Sungguh banyak ide yang melintas
di kepala ini untuk ditulis, rasanya seperti kepala mau pecah karena ndak muat.
Namun mungkin saking banyaknya sampai bingung mau nulis apa ya.
Baiklah, akan kuceritakan
kisah-kisah kehidupanku dengan kyai Abdul Mu’thi Hamid, Tambaksawah - Sidoarjo.

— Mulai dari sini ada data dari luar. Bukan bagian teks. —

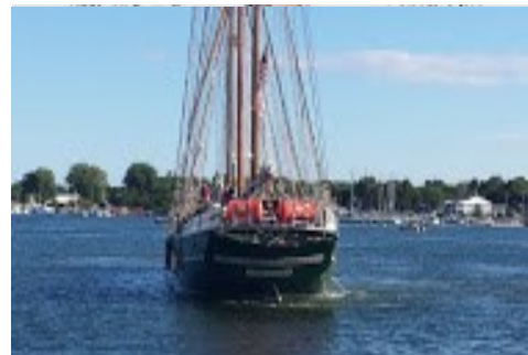
The Denis Sullivan, Milwaukee's flagship
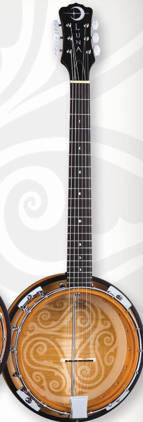
6-STRING TRINITY BANJO

Terutama soal sifat- sifat beliau yang mulia. Karena aku sudah tinggal disini
lebih dari 5 tahun, sedikit akan kusarikan interaksiku dengan beliau. Semoga
kita bisa mengambil suri teladan dari seorang alim ulama
Pernah suatu ketika aku dipanggil
beliau ke ndalem(rumah kyai). Aku masuk lewat belakang ke ruangan tengah di belakang
ruang tamu. Rupanya beliau sedang menemui tamu. Aku tahu karena barusan kuintip
dari jendela-ruang tamu dan ruang tengah dihubungkan
dengan sebuah pintu dan jendela kaca ribben.
Kubuka pintu dan kupamerkan
wajahku di depannya sambil tersenyum ke arah pak yai dengan maksud memanggil
beliau. Beliau mengerti dan segera beranjak dari kursinya ke ruang tengah.
Pintu ditutupnya, sambil menarik pundakku
dengan lembut dengan agak menjauh dari ruang tamu beliau berbisik “Le, ana duit. Iku ana tamu kate nyilih duit
satus ewu. Lek sampeyan duwe tak silihe disik. Aku gak iso nolak wong njaluk
tulung, le..”
“Boten wonten yai, wonten namung seket”.
Waktu bokek, pegangan gak sampai
100 ribu pas itu. Dengan agak berat hati kuiyakan permintaan yai.
Seketika memoriku terusik,
teringat perilaku Rasulullah saw yang sering kubaca di buku- buku sejarah nabi.
Bahwa beliau tidak pernah menolak orang yang meminta-minta. Mungkin perilaku
seperti ini yang ingin diteladani oleh pak yai. Sungguh berat! Sungguh berat! Apalagi
dalam kondisi diri sendiri tak punya uang, masih mengorbankan diri mencari
tempat berhutang untuk menolong orang lain yang kesusahan.
Aku juga teringat pada suatu malam
sayidina Ali kw menjamu tamu. Lalu meminta istrinya Fatimah ra untuk
menghidangkan makanan pada tamunya. Padahal
makanan itu hanya satu-satunya yang tersisa untuk malam itu. Kedua putranya
juga belum makan malam.
Ali kw bukannya mengurungkan
niatnya malah menyuruh istrinya untuk menidurkan anak-anaknya. Seraya menyusun
rencana saat makanan disuguhkan dan tamu siap memakannya, istrinya disuruh
mematikan lampu sambil berpura-pura memperbaiki. Supaya si tamu mengira Ali kw
makan bersama tamunya.
Demikian mulia mereka itu,
mendahulukan orang lain dibanding dirinya sendiri. Meskipun harus merelakan
haknya pada orang lain. Semoga kita bisa meneladani mereka.